Shot at Dawn
- First edition (UK)
- Author: John Rhode
- Language: English
- Series: Lancelot Priestley
- Genre: Detective
- Publisher: Collins (UK) Dodd Mead (US)
- Publication date: 1934
- Publication place: United Kingdom
- Media type: Print
- Preceded by: Poison for One
- Followed by: The Corpse in the Car

= Shot at Dawn =

1934 novel

Shot at Dawn is a 1934 detective novel by John Rhode, the pen name of the British writer Cecil Street. It is the nineteenth in his long-running series of novels featuring Lancelot Priestley, a Golden Age armchair detective.

== Synopsis ==
A motor boat Alandra arrives one evening in Riddinghithe and anchors in the harbour bay.

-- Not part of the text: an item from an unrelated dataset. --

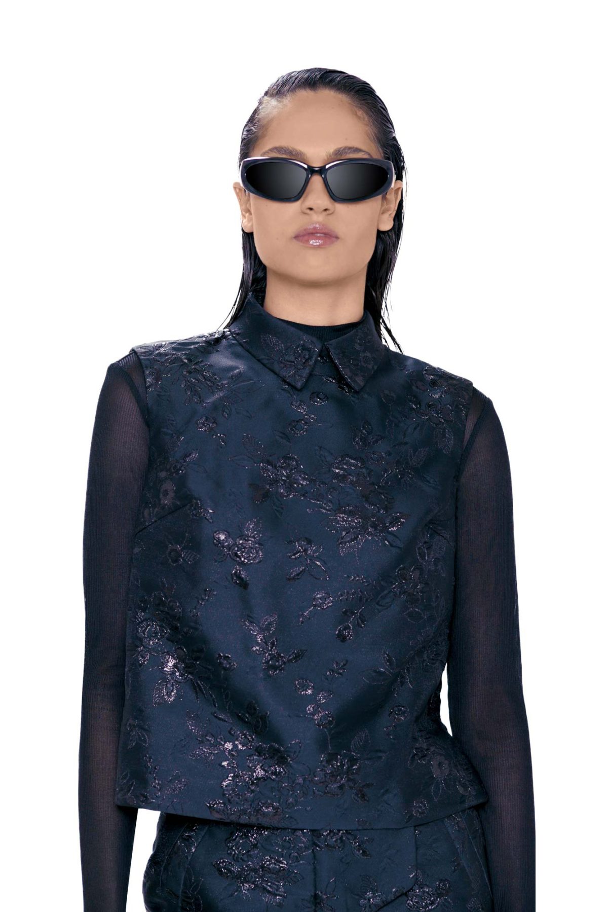 BLUE BROCADE AND LAME REVERSIBLE CAPE

In the morning a passing fisherman discovers a body lying on top of the cabin. The local police call in Scotland Yard and Inspector Hanslet arrives to investigate but is unable to discover anything more about the dead man other than his name and his interest in yachting. He is forced once again to turn to the assistance of Priestley.

== Reception ==
Shot at Dawn was one of the best-received novels in the series. In a review for the Sunday Times, the novelist and critic Dorothy L. Sayers wrote "Mr. John Rhode is one of those kind, thoughtful writers who patiently explain all the technical points of the narrative in words that a child could understand."

Ralph Partridge in the New Statesman observed "Shot At Dawn is developed in that incalculable way which keeps one’s attention at the stretch, until the very last page—I actually got a thrill out of the verdict of the jury! The Crime Club has selected the book, and I certainly could not better their selection from the detective novels that have come my way in the last few months."

==Bibliography==
- Evans, Curtis. Masters of the "Humdrum" Mystery: Cecil John Charles Street, Freeman Wills Crofts, Alfred Walter Stewart and the British Detective Novel, 1920-1961. McFarland, 2014.
- Herbert, Rosemary. Whodunit?: A Who's Who in Crime & Mystery Writing. Oxford University Press, 2003.
- Reilly, John M. Twentieth Century Crime & Mystery Writers. Springer, 2015.